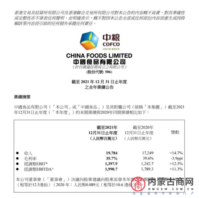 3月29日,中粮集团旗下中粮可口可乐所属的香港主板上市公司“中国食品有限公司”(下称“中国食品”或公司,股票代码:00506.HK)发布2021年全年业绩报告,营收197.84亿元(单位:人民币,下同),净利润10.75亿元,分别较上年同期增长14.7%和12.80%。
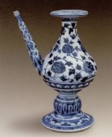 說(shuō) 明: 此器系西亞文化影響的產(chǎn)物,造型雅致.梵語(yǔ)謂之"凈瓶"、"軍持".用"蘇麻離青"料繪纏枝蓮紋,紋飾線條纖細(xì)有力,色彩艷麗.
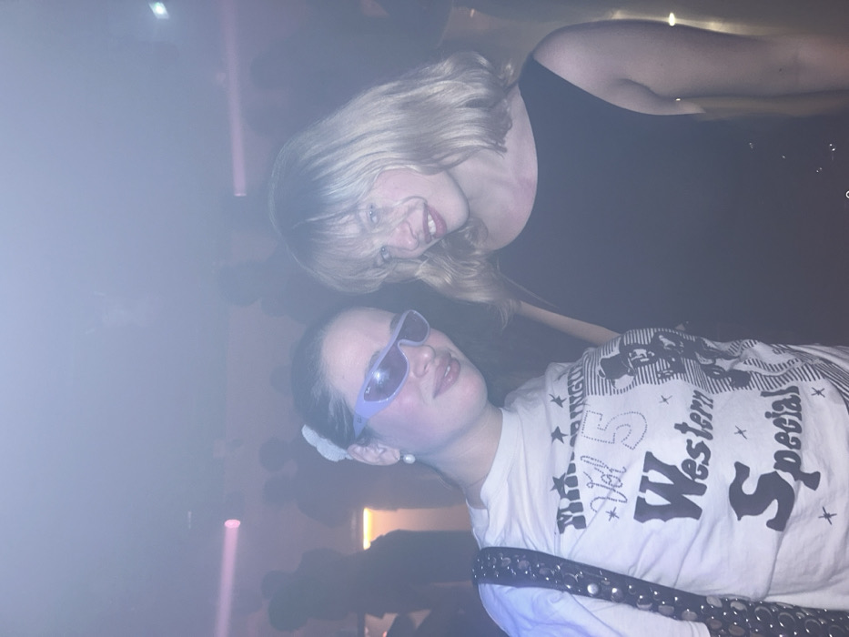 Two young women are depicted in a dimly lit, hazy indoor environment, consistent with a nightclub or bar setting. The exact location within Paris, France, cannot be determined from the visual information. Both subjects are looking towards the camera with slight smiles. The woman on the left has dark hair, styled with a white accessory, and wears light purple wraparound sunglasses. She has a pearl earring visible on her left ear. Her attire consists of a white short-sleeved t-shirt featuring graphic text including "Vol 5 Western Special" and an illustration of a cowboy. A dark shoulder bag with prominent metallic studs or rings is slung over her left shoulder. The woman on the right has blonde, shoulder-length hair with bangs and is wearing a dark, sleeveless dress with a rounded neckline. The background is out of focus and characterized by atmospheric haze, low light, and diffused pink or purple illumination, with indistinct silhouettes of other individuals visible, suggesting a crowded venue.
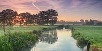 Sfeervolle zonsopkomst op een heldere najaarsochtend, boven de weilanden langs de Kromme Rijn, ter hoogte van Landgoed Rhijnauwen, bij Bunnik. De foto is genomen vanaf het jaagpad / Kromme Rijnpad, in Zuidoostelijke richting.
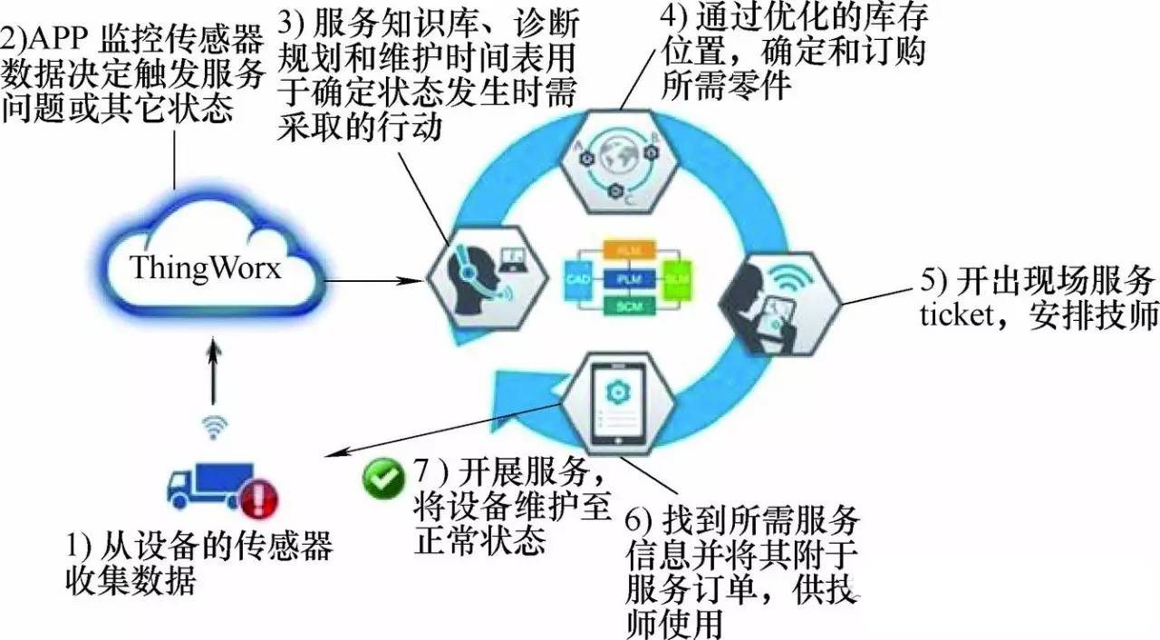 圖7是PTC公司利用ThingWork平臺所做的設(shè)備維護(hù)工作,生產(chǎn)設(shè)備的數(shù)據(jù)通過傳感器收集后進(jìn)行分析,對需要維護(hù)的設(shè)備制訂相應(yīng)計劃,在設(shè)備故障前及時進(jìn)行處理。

...

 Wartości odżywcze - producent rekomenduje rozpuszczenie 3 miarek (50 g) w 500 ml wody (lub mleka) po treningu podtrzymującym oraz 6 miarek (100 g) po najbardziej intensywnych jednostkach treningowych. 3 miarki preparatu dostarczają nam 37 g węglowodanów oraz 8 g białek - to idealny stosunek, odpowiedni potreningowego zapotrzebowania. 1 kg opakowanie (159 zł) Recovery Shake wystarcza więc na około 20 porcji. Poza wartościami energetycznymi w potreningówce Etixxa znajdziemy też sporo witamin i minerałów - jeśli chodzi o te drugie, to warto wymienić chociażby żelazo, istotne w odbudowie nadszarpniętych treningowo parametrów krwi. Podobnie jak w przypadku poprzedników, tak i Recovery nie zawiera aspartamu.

==

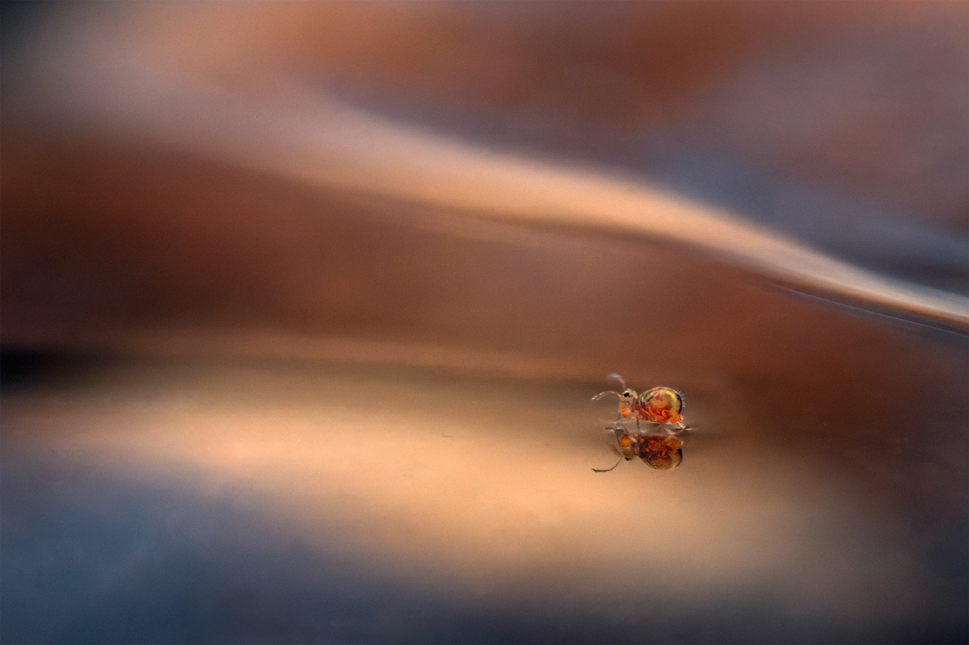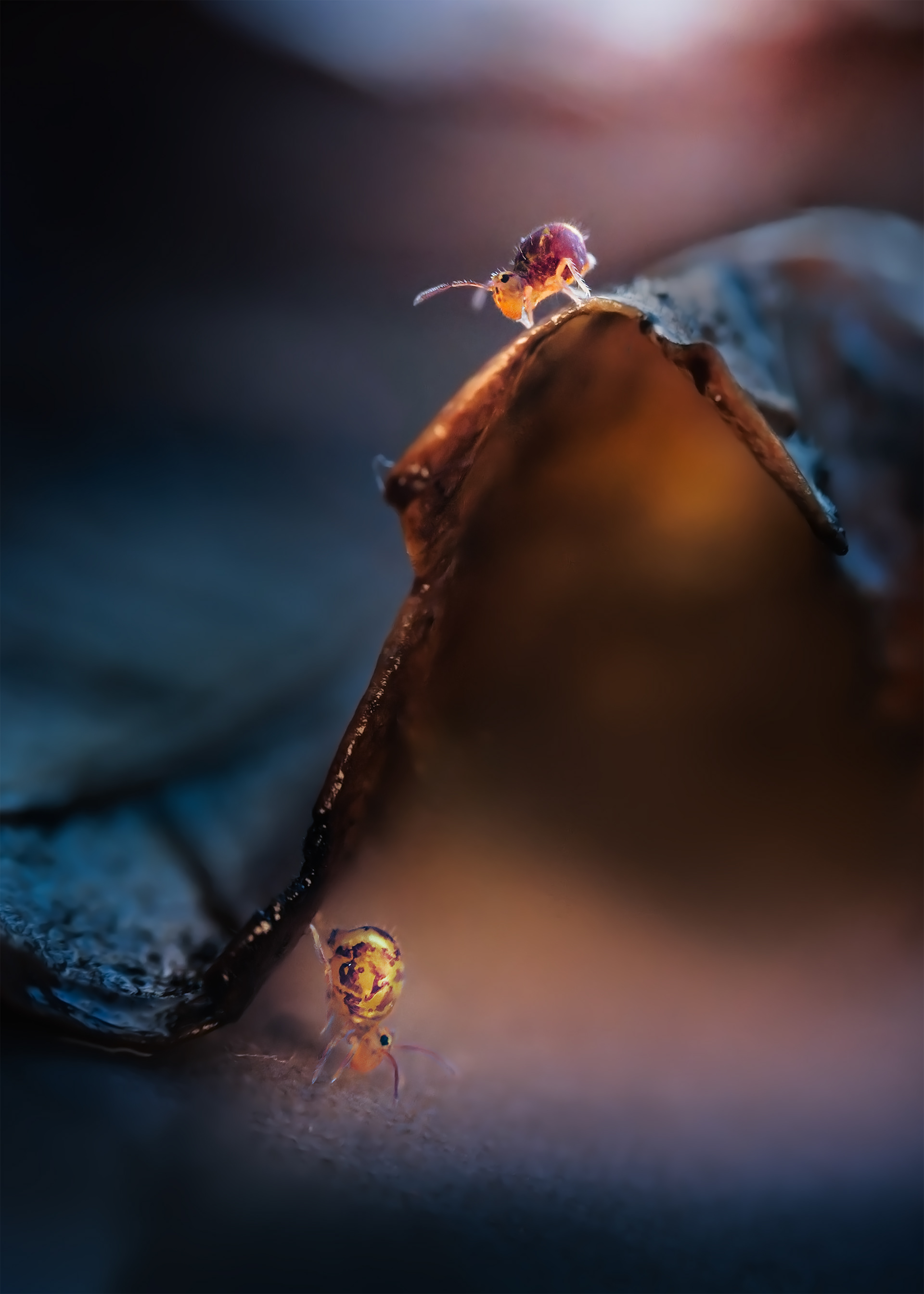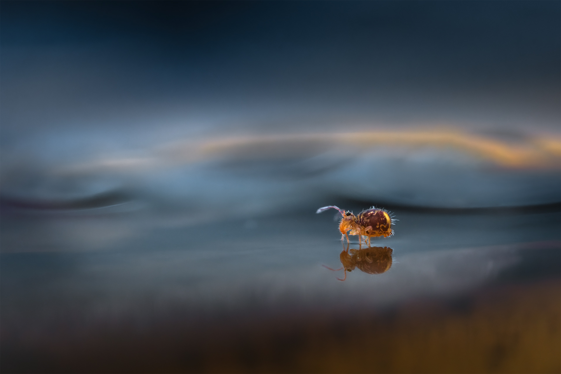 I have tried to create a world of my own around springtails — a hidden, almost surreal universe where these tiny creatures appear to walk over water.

REQUIREMENT:
In the listing above, find the line containing "3月29日,中粮集团旗下中粮" and the line containing "圖7是PTC公司利用Thin", then print exactly those two lines and every line between them, minus the pictures.

WRITTEN REPLY:
 3月29日,中粮集团旗下中粮可口可乐所属的香港主板上市公司“中国食品有限公司”(下称“中国食品”或公司,股票代码:00506.HK)发布2021年全年业绩报告,营收197.84亿元(单位:人民币,下同),净利润10.75亿元,分别较上年同期增长14.7%和12.80%。
 說(shuō) 明: 此器系西亞文化影響的產(chǎn)物,造型雅致.梵語(yǔ)謂之"凈瓶"、"軍持".用"蘇麻離青"料繪纏枝蓮紋,紋飾線條纖細(xì)有力,色彩艷麗.
 Two young women are depicted in a dimly lit, hazy indoor environment, consistent with a nightclub or bar setting. The exact location within Paris, France, cannot be determined from the visual information. Both subjects are looking towards the camera with slight smiles. The woman on the left has dark hair, styled with a white accessory, and wears light purple wraparound sunglasses. She has a pearl earring visible on her left ear. Her attire consists of a white short-sleeved t-shirt featuring graphic text including "Vol 5 Western Special" and an illustration of a cowboy. A dark shoulder bag with prominent metallic studs or rings is slung over her left shoulder. The woman on the right has blonde, shoulder-length hair with bangs and is wearing a dark, sleeveless dress with a rounded neckline. The background is out of focus and characterized by atmospheric haze, low light, and diffused pink or purple illumination, with indistinct silhouettes of other individuals visible, suggesting a crowded venue.
 Sfeervolle zonsopkomst op een heldere najaarsochtend, boven de weilanden langs de Kromme Rijn, ter hoogte van Landgoed Rhijnauwen, bij Bunnik. De foto is genomen vanaf het jaagpad / Kromme Rijnpad, in Zuidoostelijke richting.
 圖7是PTC公司利用ThingWork平臺所做的設(shè)備維護(hù)工作,生產(chǎn)設(shè)備的數(shù)據(jù)通過傳感器收集后進(jìn)行分析,對需要維護(hù)的設(shè)備制訂相應(yīng)計劃,在設(shè)備故障前及時進(jìn)行處理。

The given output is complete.